Francis rose from being a parish priest. He has never been a part of the Curia, the Vatican’s all-powerful bureaucracy, which is thought to be embroiled in corruption and power politics, a trend that Pope Benedict XVI, who tendered his resignation citing physical infirmity recently, had been unable to curb.
The new Pope’s assumption of the name of Francis, Christendom’s beloved saint from Assisi who took the vow of poverty, is perhaps just the message the Catholic universe of 1.2 billion is looking for. The papacy has become a European institution in the past 1,200 years, although the members of the church are overwhelmingly from the global South that is steeped in poverty. The election of Cardinal Bergoglio changes that trend at last.

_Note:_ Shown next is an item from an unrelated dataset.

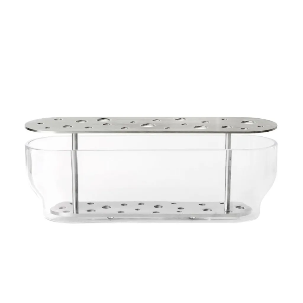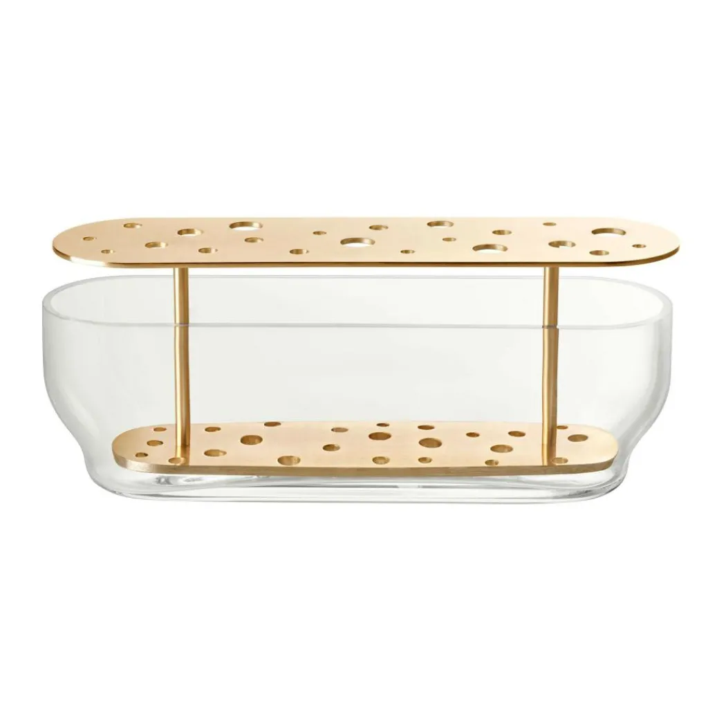 Mit der Ikebana Vase lang wird jede einzelne Blume vom Stiel bis zur prachtvollen Blüte gewürdigt. Das liegt am speziellen Aufbau der Vase. Sie besteht aus einer lang gezogenen Glasschale. Sie wird in liebevoller Handarbeit mundgeblasen. Zum Lieferumfang gehört ein elegantes Gestell aus Edelstahl dazu. Es besteht aus zwei ovalen Plattformen, die mit zwei Stäben verbunden ist. Beide Ebenen sind durchlöchert. Somit können Schnittblumen perfekt arrangiert werden. Sie behalten dank des Gestells ihre aufrechte Haltung. Da die Löcher einen unterschiedlichen Durchmesser aufweisen, ist der Phantasie beim Arrangieren der Blumen keine Grenze gesetzt.
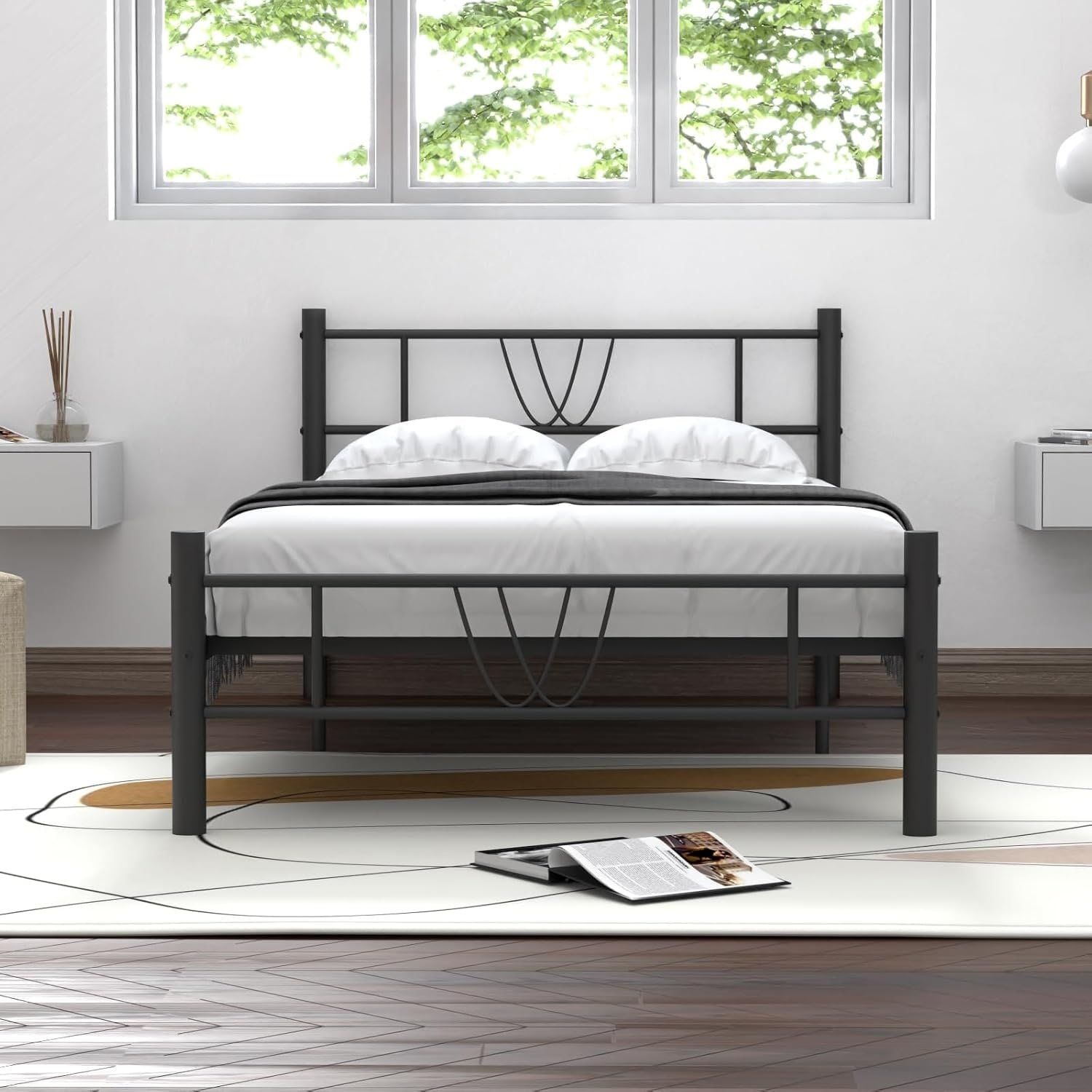 Twin Size Metal Bed Frame with Headboard, Underbed Storage, and Steel Slats, No Box Spring Needed, Black

Francis was born in Argentina of immigrant working-class Italian parents. This maintains the European link but there can be no question that the working mind of the Pope cannot be anything other than that of a man of God running the diocese of the poor. The signal might have been a shade different had the voting cardinals found their man in Asia or Africa. An African cardinal was thought to be in the reckoning. But it appears the electors opted for a complete outsider who may provide the external eye on reforming the Curia.
The Pope has to provide the environment to extend the gospel. This has been vitiated in recent times. Stories of sexual abuse abound. The ideology of secularism in Western society undermines faith. Evangelical groups that compete with the Catholic Church have gained influence in the southern hemisphere. The Curia is said to be in serious need of reform. The management of the Vatican Bank is believed to lack transparency, and is well behind international banking norms. Taken even individually, each is a serious challenge. Collectively, these can be destabilising. Can a 76-year-old manage to turn things around? When the last Pope stepped down, citing age and health, many wondered if a relatively younger man was needed at this juncture. May be the 266th Pope has it in him, given his personality and spartan outlook.